# RECORDS TO PROCESS
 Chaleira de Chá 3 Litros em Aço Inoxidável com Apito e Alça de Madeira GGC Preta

* * *

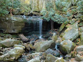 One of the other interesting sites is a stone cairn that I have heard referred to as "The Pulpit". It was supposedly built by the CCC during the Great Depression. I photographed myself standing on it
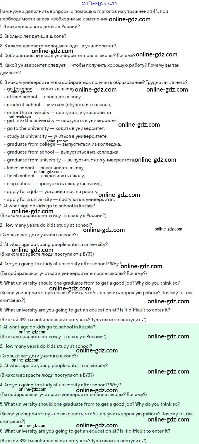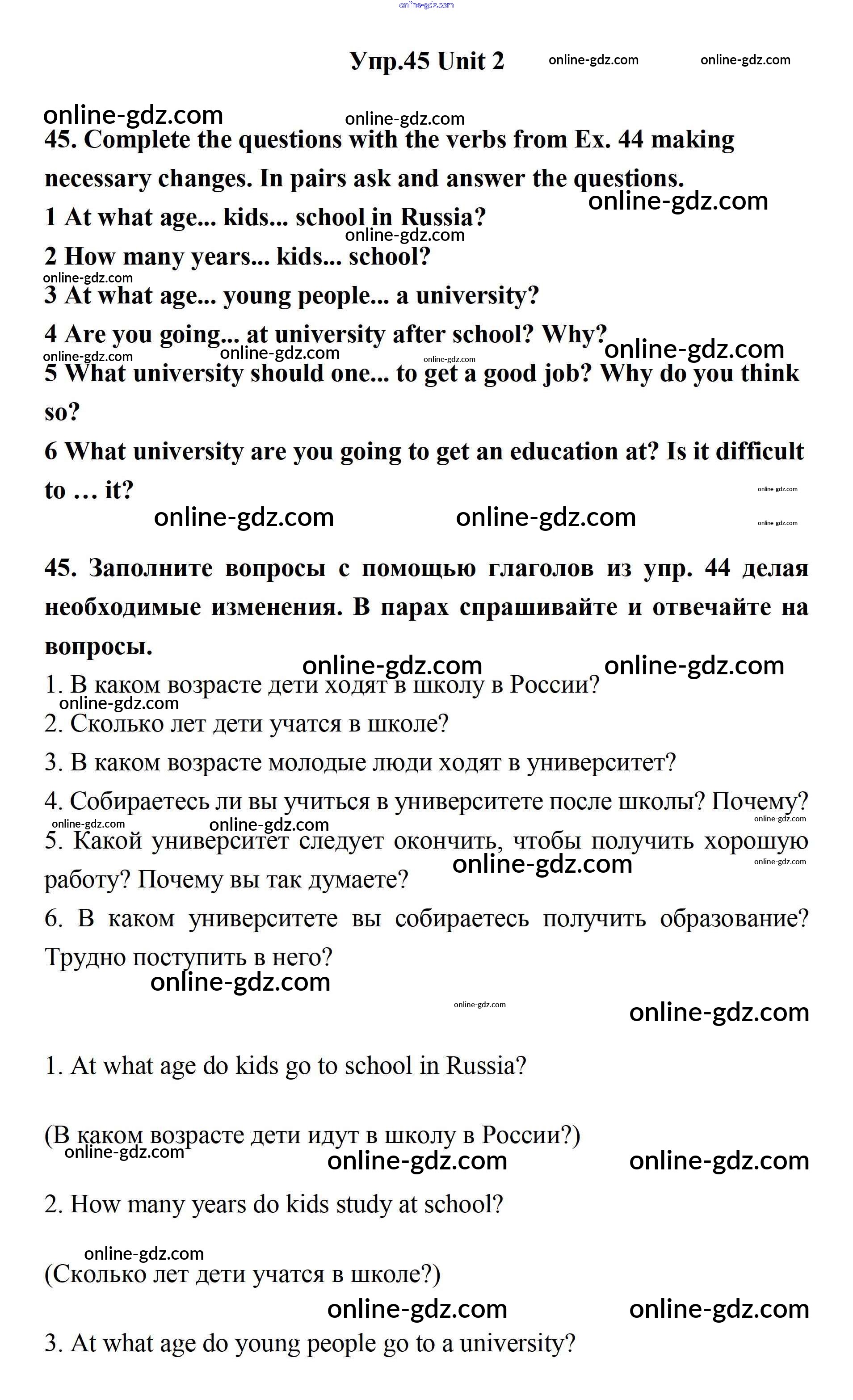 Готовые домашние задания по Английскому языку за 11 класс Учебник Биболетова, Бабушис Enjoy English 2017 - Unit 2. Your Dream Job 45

# WHAT THE EXERCISE ASKS
In the data above, retype only the stretch from the line with "One of the other" through the line with "Готовые домашние задания", word for word, and skip any pictures.

# REPLY TO THE TASK
 One of the other interesting sites is a stone cairn that I have heard referred to as "The Pulpit". It was supposedly built by the CCC during the Great Depression. I photographed myself standing on it
 Готовые домашние задания по Английскому языку за 11 класс Учебник Биболетова, Бабушис Enjoy English 2017 - Unit 2. Your Dream Job 45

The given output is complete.